I'm reading a CSV with float numbers like this:

```
Bob,0.085
Alice,0.005
```

And import into a dataframe, and write this dataframe to a new place

```
df = pd.read_csv(orig)
df.to_csv(pandasfile)
```

Now this `pandasfile`

has:

```
Bob,0.085000000000000006
Alice,0.0050000000000000001
```

What happen? maybe I have to cast to a different type like float32 or something?

Im using **pandas 0.9.0** and **numpy 1.6.2**.

As mentioned in the comments, it is a general floating point problem.

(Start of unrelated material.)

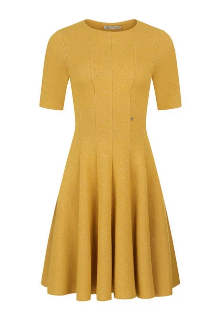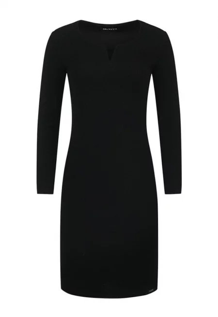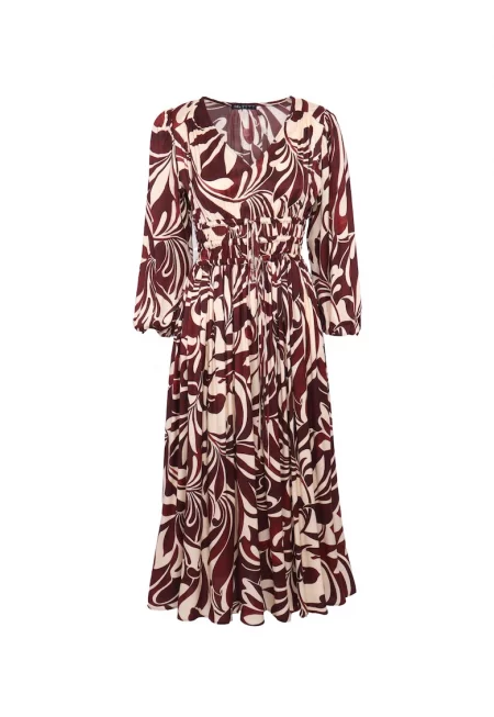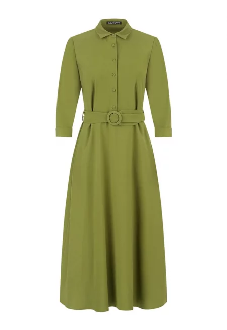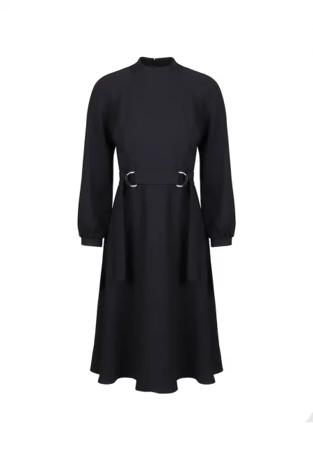 Разкроена рокля с дълъг ръкав и цепка с копчета

However you can use the `float_format`

key word of `to_csv`

to hide it:

```
df.to_csv('pandasfile.csv', float_format='%.3f')
```

or, if you don't want 0.0001 to be rounded to zero:

```
df.to_csv('pandasfile.csv', float_format='%g')
```

will give you:

```
Bob,0.085
Alice,0.005
```

in your output file.

For an explanation of `%g`

, see Format Specification Mini-Language.

**UPDATE:** Answer was accurate at time of writing, and floating point precision is still not something you get by default with to_csv/read_csv (precision-performance tradeoff; defaults favor performance).

Nowadays there is the `float_format`

argument available for `pandas.DataFrame.to_csv`

and the `float_precision`

argument available for `pandas.from_csv`

.

The original is still worth reading to get a better grasp on the problem.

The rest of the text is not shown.